The focus of the Guidelines is on entities that pose the greatest risks in terms of both the direct exposures institutions face and also the risk of credit intermediation outside the regulated framework. For this purpose, ‘shadow banking entities’ are defined as entities that carry out credit intermediation activities (i.e. bank-like activities involving maturity transformation, liquidity transformation, leverage, credit risk transfer or similar activities) without falling within the scope of consolidated supervision (or equivalent third country legal frameworks). In addition, ‘excluded undertakings’, which are subject to an appropriate and sufficiently robust prudential framework, are not to be considered as shadow banking entities.

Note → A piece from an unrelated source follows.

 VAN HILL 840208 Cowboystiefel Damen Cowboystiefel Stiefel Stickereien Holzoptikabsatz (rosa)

Isabelle Vaillant, Director of Regulation at the EBA, explained that: “Shadow banking has the potential of putting the stability of the financial system at risk” and reminded how “recent global financial crises have revealed fault lines which were previously unknown, but can transfer risks from the unregulated to the regulated banking system”.

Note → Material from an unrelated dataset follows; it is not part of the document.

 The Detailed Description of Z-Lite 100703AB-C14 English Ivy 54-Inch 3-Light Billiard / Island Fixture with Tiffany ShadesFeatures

To better understand the relevance of institutions’ exposures to ‘shadow banking entities’, the EBA conducted a data collection, the first of this kind in the EU, on a sample of 184 EU institutions (169 credit institutions and 15 investment firms) in 22 Member States. The data included in the Report shows that that institutions’ total exposures towards shadow banking counterparties (as defined in the Report) account for 1.082.209 million EUR and for large and internationally active banks, they represent, on average and in aggregate terms, up to 45% of their eligible capital.
The EBA Guidelines will apply as of 1 January 2017 and, together with the Report, will inform the European Commission’s work in relation to its upcoming report on the appropriateness and impact of imposing limits on exposures to shadow banking entities.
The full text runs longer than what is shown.